Dutch Court Convicts Chinese People-smugglers

The Netherlands' role as a staging post for thousands of UK-bound illegal Chinese immigrants was underscored yesterday after a Dutch court convicted seven members of one of Europe's biggest human trafficking gangs of smuggling people into Britain. A Rotterdam court found two of the seven...
The Netherlands' role as a staging post for thousands of UK-bound illegal Chinese immigrants was underscored yesterday after a Dutch court convicted seven members of one of Europe's biggest human trafficking gangs of smuggling people into Britain.

A Rotterdam court found two of the seven Chinese defendants guilty of helping to organise the tragic passage of the "Dover 58" who suffocated to death in the back of a lorry in June 2000, but acquitted the gang's alleged ringleader of involvement in the incident.

Nine people have already been jailed for their parts in the Dover tragedy, including the Dutch lorry driver, who was jailed for 14 years.

However, the court said yesterday that the Dover incident was just one of many such trips and found all seven gang members guilty of masterminding the transit of thousands of illegal immigrants from rural China to the UK.

It imposed jail sentences of between 18 months and six years.

The presiding judge, Pauline Hofmeyer, identified a woman known as Jing Ping Chen or "Sister P" as the senior figure in the gang.

A statement from one witness called Chen "a dangerous woman, the snake's head of the entire Dutch smuggling operation".

As one of Europe's most successful people smugglers she was expected to be given a stiff prison term but in the event was only given a three year sentence and fined £9,000.
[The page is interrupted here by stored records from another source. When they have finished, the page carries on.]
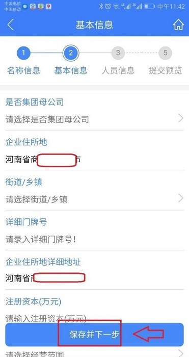 4.進入后,進行注冊公司企業(yè)基本信息的審核,輸入準確需要輸入的企業(yè)信息,點擊輸入進去,然后點擊下一步。
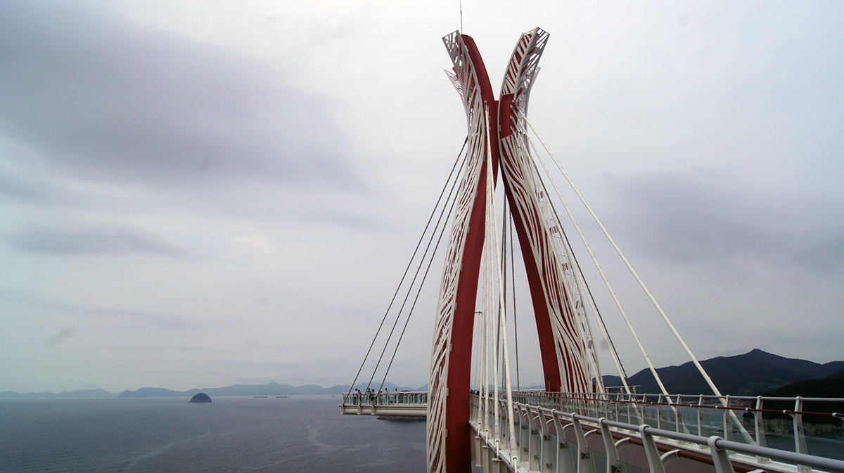 설리 스카이워크. 설리는 지명입니다. 설리에 있는 스카이워크 인거죠. 다리의 높이가 38m라고 합니다. 저기서 바다 방향으로 그네를 탈 수 있어서 사진 찍기 좋아 유명합니다. 그네에서는 바다경관과 보리암이 있는 금산을 볼 수 있습니다.
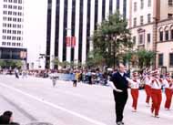 上午游行九点开始,约有六十一个团体参加,其中绝大部分是大公司;走在最前面的是警察骑马开道,市长候选人桑切斯坐在消防汽车上,以及欢乐队,接着是主办单位─华盛顿联合基金,紧接着是大乐队;后面竟然没有队伍,这时突然出现一个非常惊喜而戏剧性的场面:两位大法弟子身着“真、善、忍”的黄色套装,手持写有“法轮大法─真、善、忍”的大横幅,出现在游行队伍中,她们昂首挺胸,跟随乐队,踏着乐队的曲奏向前迈进,沿途获得市民们的鼓掌和喝彩;有些市民惊喜地用中文对大法弟子欢呼“你好。”
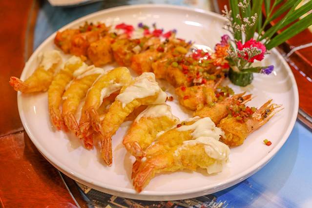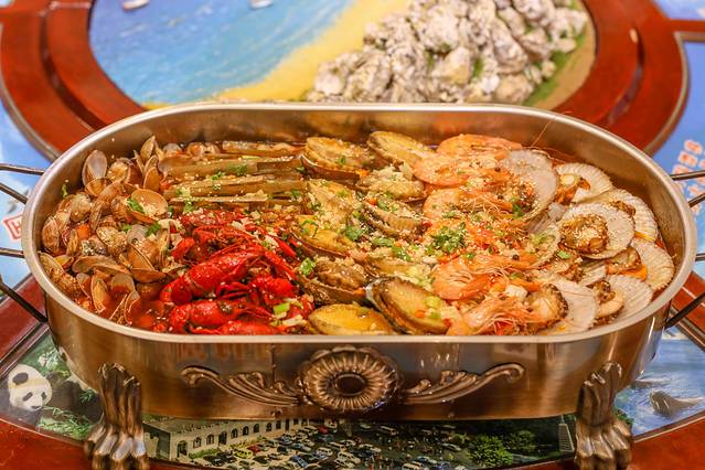 大铁盘中放入了海虾、蛏子、鲍鱼、小龙虾等海鲜,一起煮熟后浇入酱汁,微辣的酱汁更能勾起海鲜的鲜甜味道。而且各种丰富的海鲜能满足不同的口味。
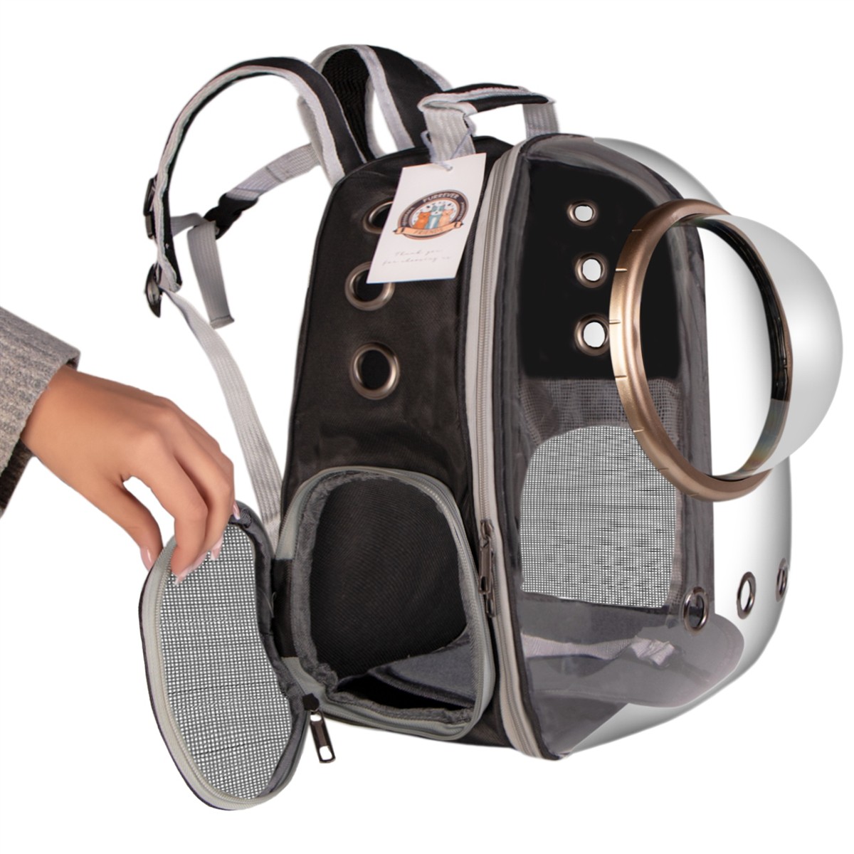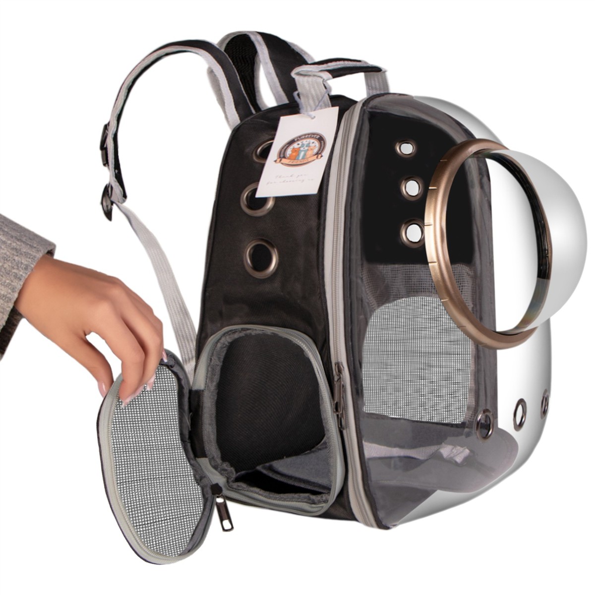 - Otwierana klapa w całości: Bez problemu wyjmiesz zwierzaczka z plecaczka, nawet jeśli ten postanowił uciąć sobie drzemkę.
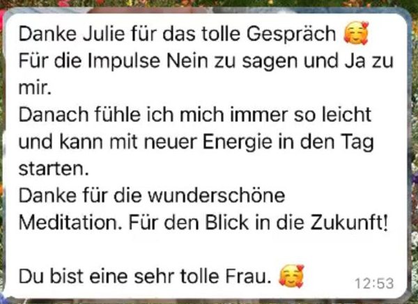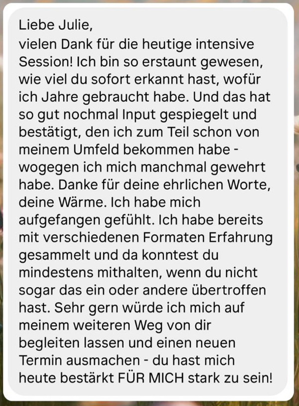 Schon damals konnte ich die Gefühle und Energien anderer Menschen wahrnehmen. Es war mir möglich, ihre innere Verfassung zu spüren und sie in schwierigen Situationen zu begleiten. Bereits als kleines Mädchen half ich meinen Mitmenschen, ihre eigene Kraft zu finden – ohne zu wissen, wie wertvoll und richtungsweisend diese Fähigkeit für mein Leben sein würde. 💫

Conversely, the court reserved its harshest tariff - six years - for a man identified as Mr Yu who was found guilty of complicity in the Dover transport.

Prosecutors, who had demanded 10-year jail terms for some of the suspects, said that they would appeal for tougher jail terms. Chen's lawyers also vowed to appeal.

Immigrants paid the gang up to £20,000 each to travel to the Netherlands and then faced a further fee of up to £8,000 in order to cross the Channel.